Short abstract
Objective
We aimed to explore potential microRNAs (miRNAs) and target genes related to atrial fibrillation (AF).
Methods
Data for microarrays GSE70887 and GSE68475, both of which include AF and control groups, were downloaded from the Gene Expression Omnibus database. Differentially expressed miRNAs between AF and control groups were identified within each microarray, and the intersection of these two sets was obtained. These miRNAs were mapped to target genes in the miRNet database. Functional annotation and enrichment analysis of these target genes was performed in the DAVID database. The protein-protein interaction (PPI) network from the STRING database and the miRNA-target-gene network were merged into a PPI-miRNA network using Cytoscape software. Modules of this network containing miRNAs were detected and further analyzed.
Results
Ten differentially expressed miRNAs and 1520 target genes were identified. Three PPI-miRNA modules were constructed, which contained miR-424, miR-15a, miR-542-3p, and miR-421 as well as their target genes, CDK1, CDK6, and CCND3.
Conclusion
The identified miRNAs and genes may be related to the pathogenesis of AF. Thus, they may be potential biomarkers for diagnosis and targets for treatment of AF.
Keywords: MicroRNAs, atrial fibrillation, computational biology, microarray analysis, cyclin D kinase, cyclin D3
Introduction
Atrial fibrillation (AF) is one of the most common types of cardiac arrhythmia.1 It is an important risk factor for consequences such as stroke and atrial appendage thrombus formation,1,2 which may increase the risk of mortality in patients with AF.3,4 Therefore, revealing the mechanism of pathogenesis of AF is important and could indicate pathways to prevent and treat AF.
MicroRNAs (miRNAs) are small, non-coding RNA molecules involved in RNA silencing and posttranscriptional regulation of gene expression.5,6 Recent studies have revealed important roles for miRNAs in various physiological and pathological cardiac processes, such as the regulation of cardiac excitability and formation of arrhythmia,7,8 cardiac hypertrophy,9 myocardial infarction,9,10 and diabetic cardiomyopathy.11 An increasing number of tissue and circulating miRNAs have been identified as biomarkers of AF, involved in the development,12 progression,12–14 and complications15 of the disease.
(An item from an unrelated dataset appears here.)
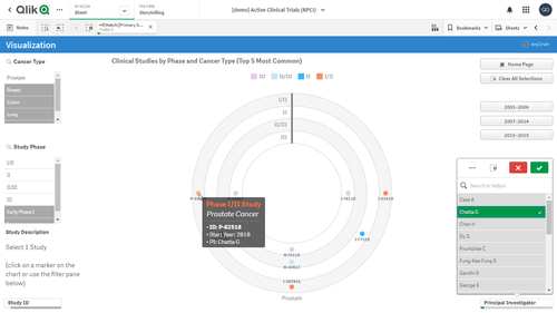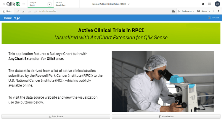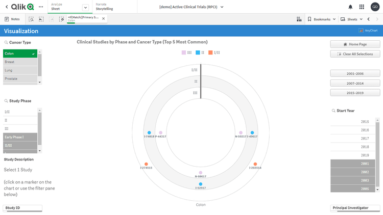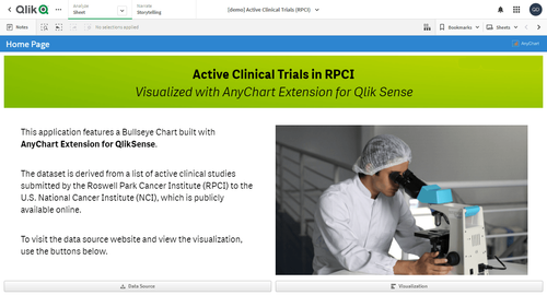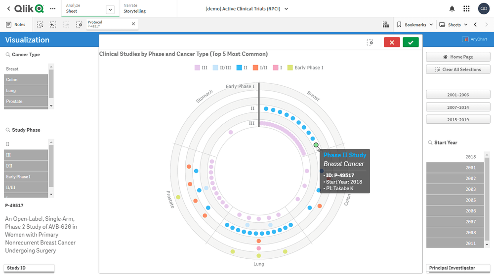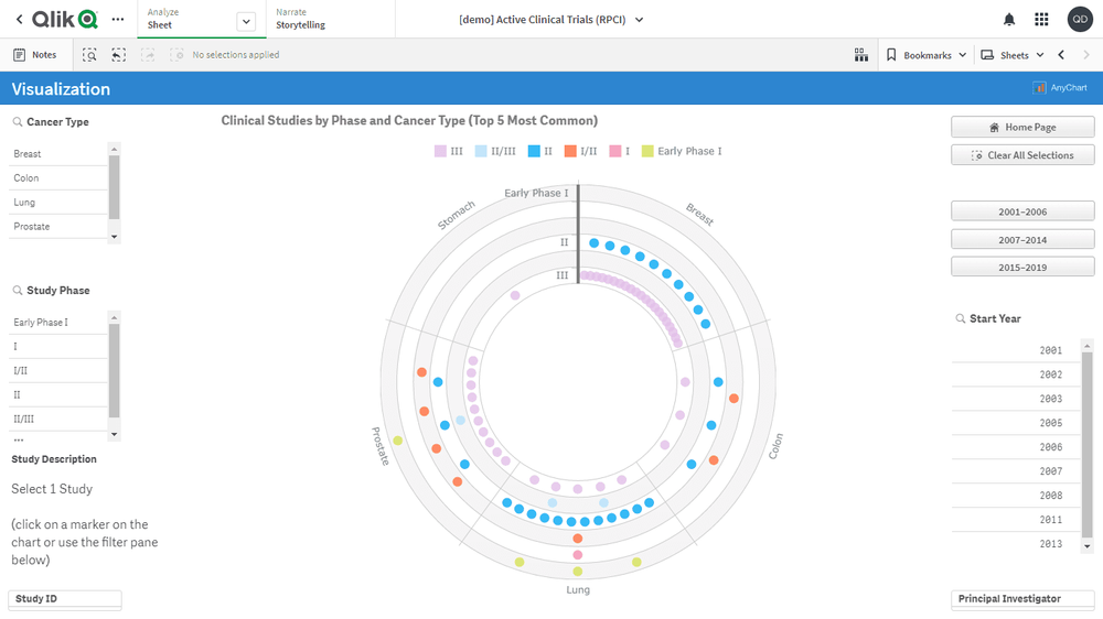 Esta aplicación presenta un Gráfico de Diana creado con la extensión AnyChart para Qlik Sense. El conjunto de datos se deriva de una lista de estudios clínicos activos enviada por el Roswell Park Cancer Institute (RPCI) al U.S. National Cancer Institute (NCI), disponible públicamente en línea.

Microarray analysis has become a powerful tool in the characterization of many pathophysiological processes. In this study, we used publicly available miRNA microarray data to perform de novo analyses. We focused on complementary bioinformatics to explore the data more deeply and aimed to construct an updated prediction of new miRNAs and genes as biomarkers of chronic AF to supplement currently available data.
Materials and methods
The data used in this study were obtained from open access databases on the internet and did not require ethical permission or patient consent for use.
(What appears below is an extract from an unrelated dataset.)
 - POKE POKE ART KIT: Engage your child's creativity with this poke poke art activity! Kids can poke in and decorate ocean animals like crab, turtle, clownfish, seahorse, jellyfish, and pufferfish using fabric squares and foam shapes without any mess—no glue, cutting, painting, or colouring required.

Microarray data and differentially expressed miRNAs
We searched the Gene Expression Omnibus (GEO) database (http://www.ncbi.nlm.nih.gov/geo/), using key words atrial fibrillation, microRNA, and miRNA, and selected microarrays with data of good cross-comparability. Microarray data for GSE70887 and GSE68475 were selected and downloaded; the corresponding platforms were GPL19546 (Agilent-021827 Human miRNA Microarray; Agilent Technologies, Santa Clara, CA, USA) and GPL15018 (Agilent-031181 Unrestricted_Human_miRNA_V16.0_Microarray 030840; Agilent Technologies), respectively. GSE70887 included four atrial tissue samples from patients with chronic AF (AF group) and four from patients without AF (control group). GSE68475 included 10 atrial tissue samples from patients with persistent or permanent (≥6 months) AF (AF group) and 11 atrial tissue samples from patients with normal sinus rhythm (control group).
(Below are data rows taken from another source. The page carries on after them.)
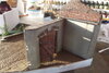 A little bit more done. The down pipe is made from ally tube and the gutter from pewter as are the fittings. This was then sprayed grey black and rusted with standard rust pigments.
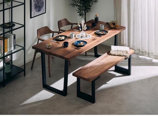[ベンチ]座面:ウォールナット無垢集成材/脚:ラバーウッド無垢
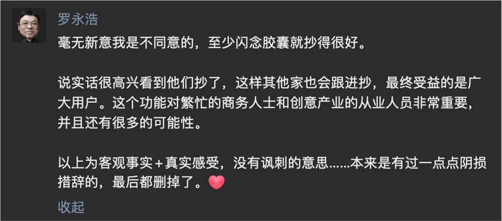 罗永浩认为,尽管有人认为iPhone15缺乏新意,但他觉得闪念胶囊这个功能抄得很好。他指出,这个功能对于商务人士和创意产业的从业人员非常实用,且具有更多可能性。
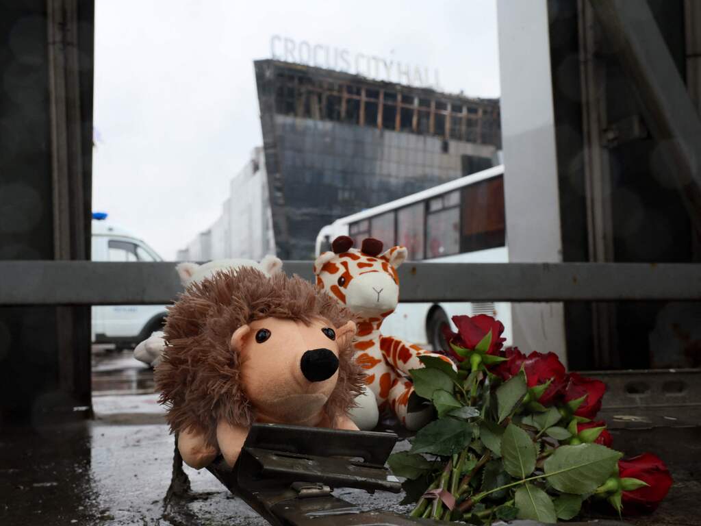 Vlak bij de plek van de aanslag worden bloemen en knuffels neergelegd. Rusland rouwt om de ruim honderd doden en vele gewonden.
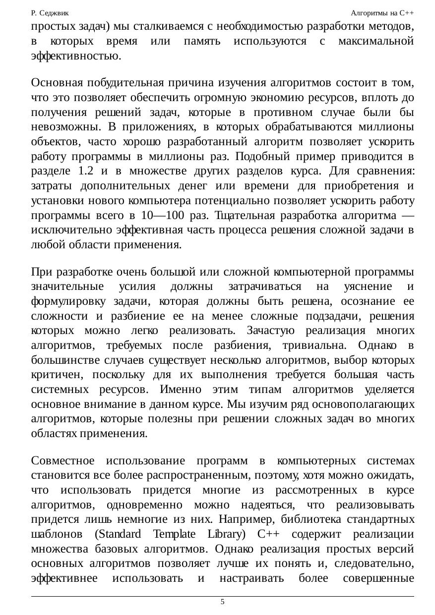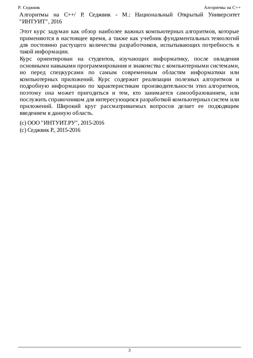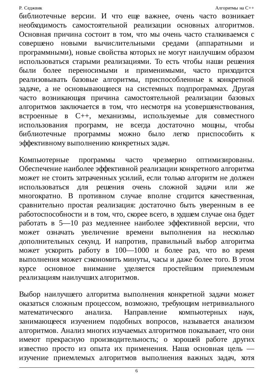 такой информации. Курс ориентирован на студентов, изучающих информатику, после овладения основными навыками программирования и знакомства с компьютерными системами, но перед спецкурсами по самым современным областям информатики или компьютерных приложений. Курс содержит реализации полезных алгоритмов и подробную информацию по характеристикам производительности этих алгоритмов, поэтому она может пригодиться и тем, кто занимается самообразованием, или послужить справочником для интересующихся разработкой компьютерных систем или приложений. Широкий круг рассматриваемых вопросов делает ее подходящим

Differentially expressed miRNAs between the AF group and control group were screened within each microarray using the online tool GEO2R in the GEO database. GEO2R is an R-programming-based language for analysis of gene expression datasets by t-test or analysis of variance (ANOVA). It can help identify differentially expressed miRNAs between two groups of samples under the same conditions.16 Differentially expressed miRNAs were selected by using cut-off values of P < 0.05 and |log2FC| > 0.5, where FC = fold change. After these two sets of differentially expressed miRNAs were selected, we obtained their intersection for the following analyses.
MiRNA-target-gene mapping
All differentially expressed miRNAs were uploaded to the miRNet database (http://www.mirnet.ca)17 to map their corresponding target genes. The miRNA-target-gene network was constructed based on this mapping.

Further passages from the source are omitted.